Addressing the question in the title, uniformity isn’t increasing the efficiency gap. Take your example to another value, if 70% of population voted for Party A, 30% for Part B, and the districts are still completely uniform, but the efficiency gap is now .10. (30 wasted Party B votes and 20 wasted Party A votes in each district for a total difference of 300 – 200 = 100. 100/1000 = .10). Here, everything is still uniform, but the efficiency gap is different. The large efficiency gap is cause because almost half of your population’s vote didn’t result in any seats won.

(Interesting fact: Past 75% of the population voting for Party A, the efficiency gap is actually negative. This is addressed in the original paper in the limitations section.)

Reading into your question, you mention ‘there is no Gerrymandering possible’. The authors define gerrymander as ‘simply a district plan that results in one party wasting many more votes than its adversary’. This did happen in your example, so using the definition provided by the authors, this does count as gerrymandering. Everything seems to line up with the authors intent and your example.

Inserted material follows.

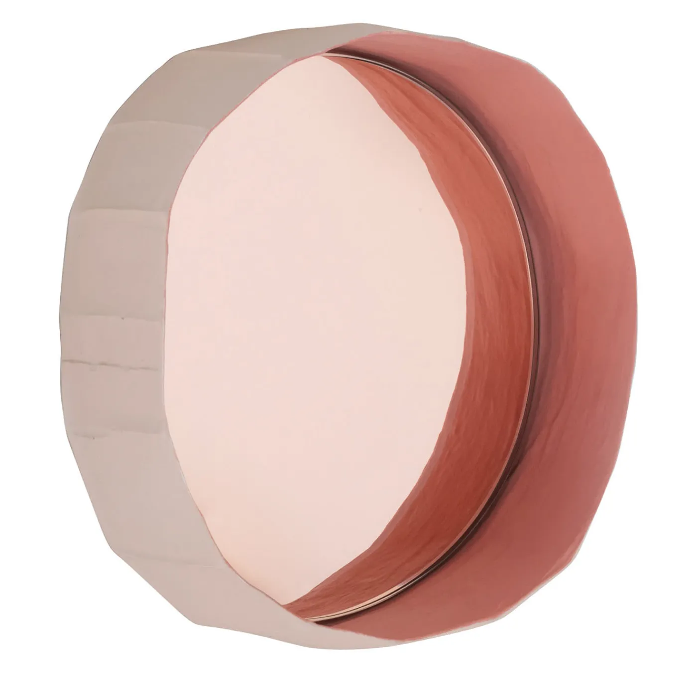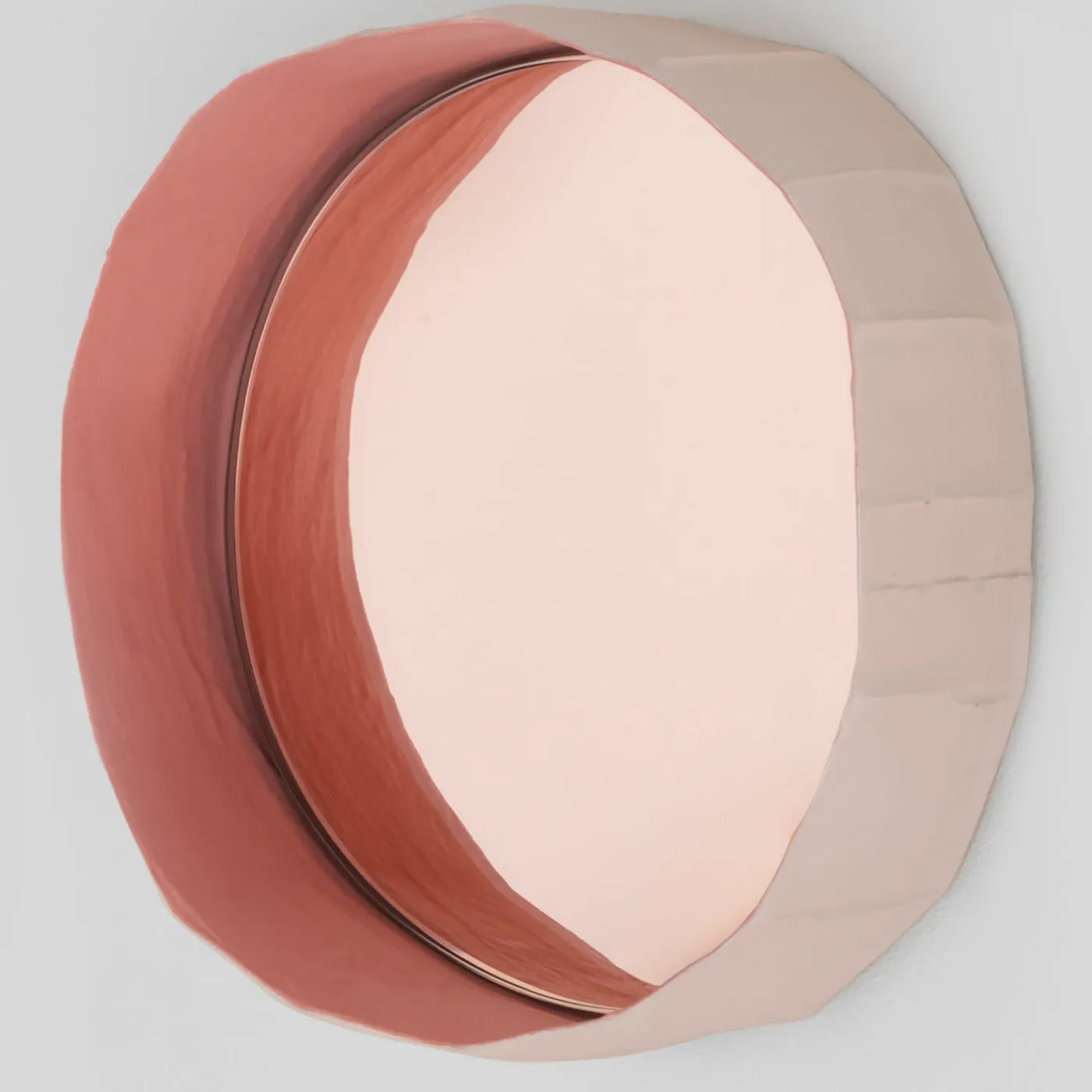 Realizzato a mano in Italia da Paola Paronetto e , questo specchio fonde ceramica e vetro. NINFEA di REFLECTIONS, una fusione di materiali distintivi sviluppata dai loro creatori, unisce un materiale apparentemente leggero come la carta argilla con le linee nitide dello specchio. Il risultato è un equilibrio ponderato e meticoloso, caldo e delicato. L’armonia cromatica è voluta e unisce i due materiali senza soluzione di continuità. Disponibile in un’ampia gamma di colori per richieste personalizzate.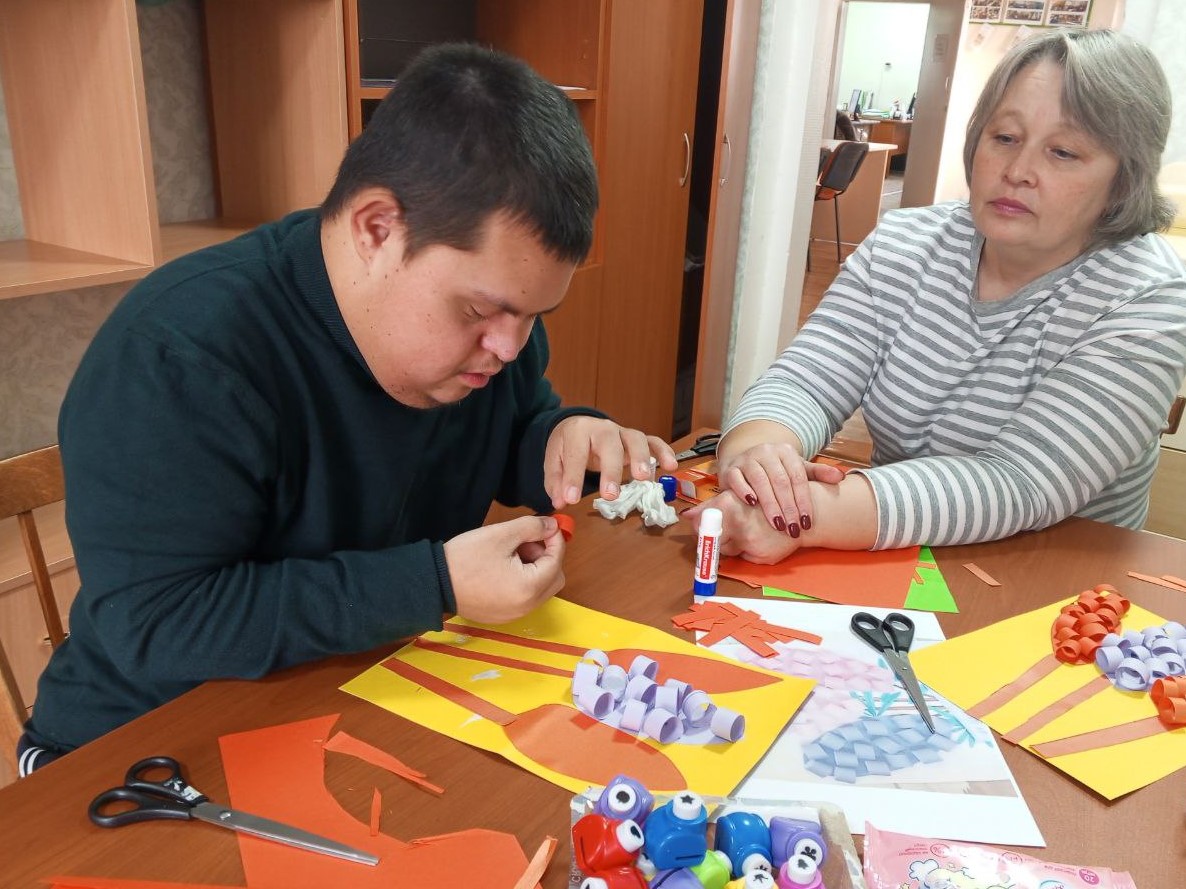 Пока мамы создавали обереги, дети под руководством специалистов на занятии в рамках социальной занятости трудились над праздничными открытками. Ребята освоили технику изготовления объёмных цветов из цветной бумаги.

The 51-49 split is but one of the weaknesses of the Efficiency Gap. And the EG is not about wasted votes, either. This video explains it better... It shows a different (better) way to calculate the EG.


  • 8
    Could you tell us more about the contents of the video? As is, this is pretty much a link-only answer. We prefer that links support the answer rather than serve as answers in their own right.
    – Brythan
    Commented Oct 18, 2017 at 4:18
  • Thanks. Didn't see this till now. The efficiency gap is presented as wasted votes, but it is better understood through a seats-votes equation. EG = (%seats - 50) -2(%votes - 50) Through this equation it is easy to see that the EG is a measure of proportional representation. If you have 55% of the vote, you should have 60% of the seats. If you have 60% of the vote, you should have 70% of the seats. Of course, under the efficiency gap, if your state has 60% of the vote and 60% of the seats, it is deemed gerrymandered, which makes no sense.